What's happening is one of the following issues:
If I save the delivery address entity with a draft order id and set it to persist, I get an error: Column DraftOrderId specified twice. Code:
try {
$addressEntity->getDraftOrderId();
} catch (\Doctrine\ORM\EntityNotFoundException $e) {
if ($addressType == "delivery") {
$addressEntity = new Dpp\DraftOrderDeliveryAddress;
} elseif ($addressType == "billing") {
$addressEntity = new Dpp\DraftOrderBillingAddress;
}
$addressEntity->setDraftOrderId($draftOrder->getDraftOrderId());
$em->persist($addressEntity);
}
(It would also help to know if there's a better way of checking if a related entity exists, rather than trapping the exception when trying to get a value.)
If I remove the line that sets the draft order id, I get an error: Entity of type Dpp\DraftOrderDeliveryAddress is missing an assigned ID.
If I keep the line that sets the draft order id but I remove the persist line, and I also keep the lines later on in the code that sets the name and address fields, I don't get an error - but the data is not saved to the database.
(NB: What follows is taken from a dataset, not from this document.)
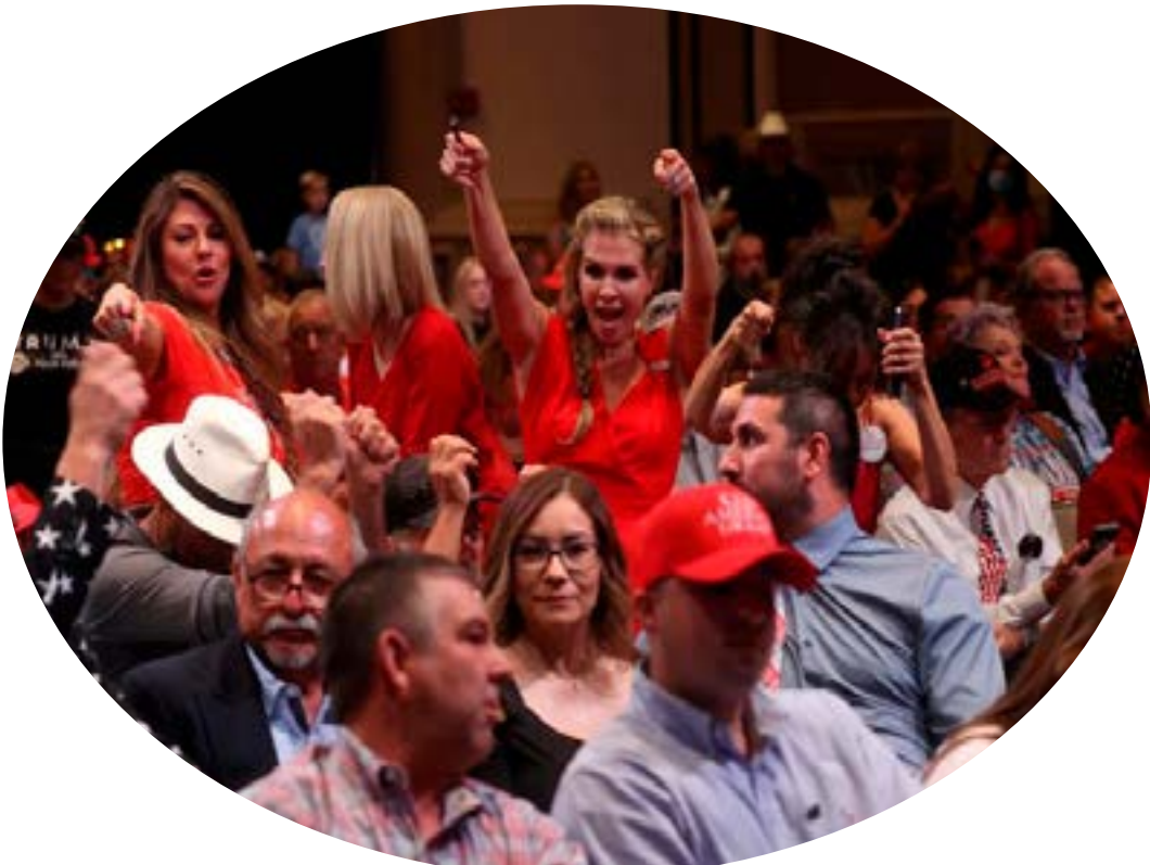
Attendees dance to the music as they wait for U.S. President Donald Trump to take the stage during a campaign event at the Arizona Grand Resort and Spa in Phoenix, Arizona.

I am using flush() after setting all the fields - I'm just not using persist(). In the previous examples, I do use persist() - I'm just trying things out to see how this can work.
I can paste more code if it would help.
I think I've fixed it! A couple of findings:
For a primary key that is not an auto-incrementing value, you need to use:
#generatedValue(strategy="IDENTITY")
You also have to explicitly set the mapped entities when creating them for the first time. At first, I was trying to create the address entity directly, but I wasn't setting the mapped entity within the parent model to reference the address entity. (if that makes any sense)
I'm fairly sure it was mostly due to the lack of the IDENTITY keyword, which for some reason was either saying the key wasn't set, or saying it was set twice.